The station was opened by the LSWR on 19 July 1860, along with its Exeter Extension from to Exeter Queen Street. The station was situated to the east of the village and designed by the architect Sir William Tite. The main building was situated on the up platform and was two-storeys high to provide the station master with accommodation. The goods shed was nearby at the east end of the station, and a signal box was built opposite on the other platform in 1875. In 1892 Henry Whiteway established a cider factory on the north side of the station. This generated much of the goods traffic at the station; in the 1930s it was estimated that the factory was responsible for 30,000 tons of traffic each year.

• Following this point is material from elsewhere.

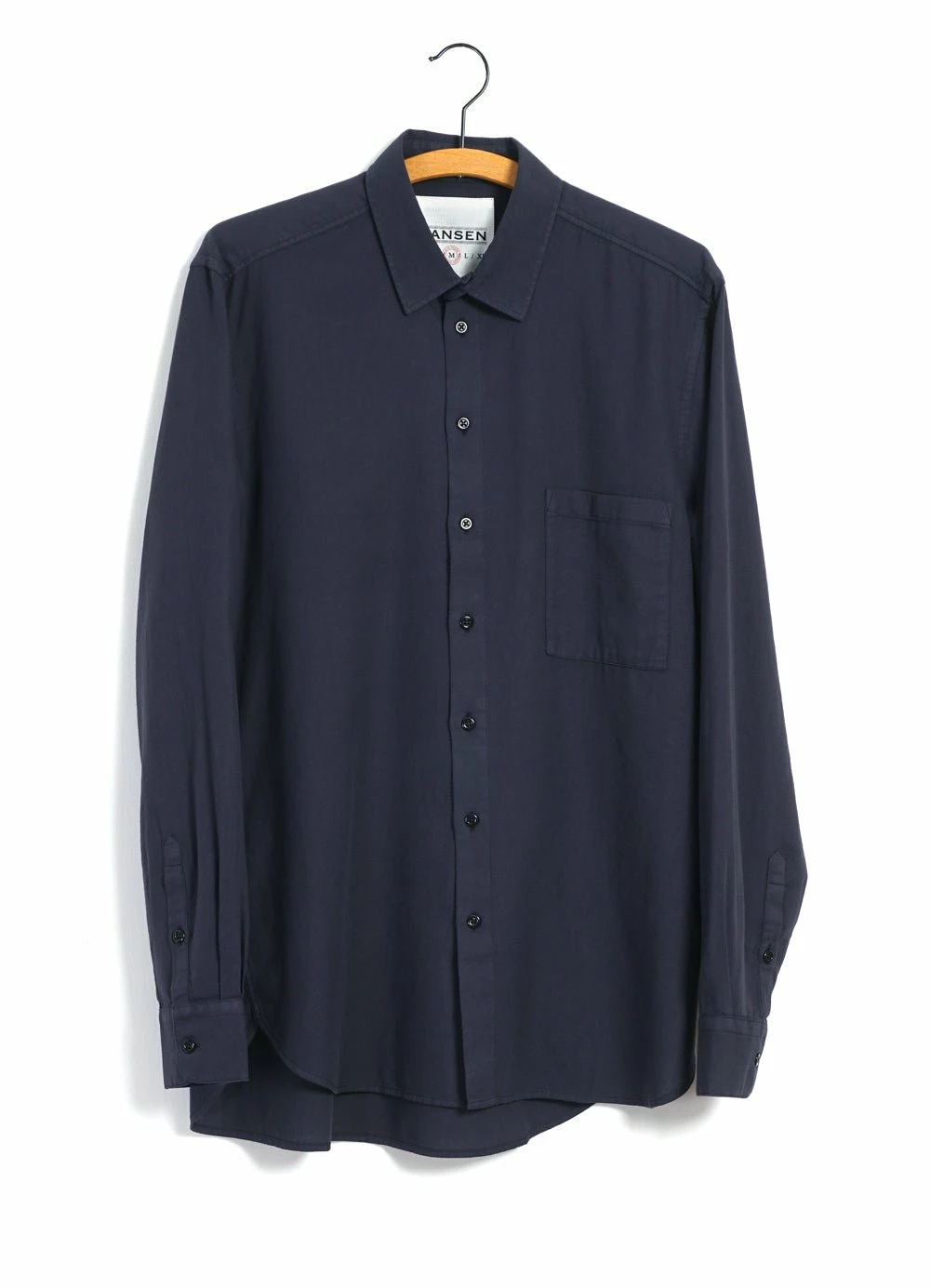 HENNING is the Hansen everyday shirt. We believe this fabric is addictive and the reason it is part of every collection. The design is straight-forward without any surprises. The fit is relaxed, and you can wear the shirt tucked or un-tucked. It is sewn with French seams all over and has natural Mother of Pearl buttons.

On 11 June 1967 all passenger trains were diverted to the down platform. The track through the northern platform was retained to serve Whiteway’s factory, but the signal box was closed and the train crew operated the points. Public goods traffic was withdrawn on 4 December 1967 but Whiteways continued to handle rail traffic. The station became unstaffed on 5 October 1970.

In 1992, the original London bound platform was extended across the disused formation of the London bound track to meet the running line and was brought back into use. The other platform and the footbridge were then demolished.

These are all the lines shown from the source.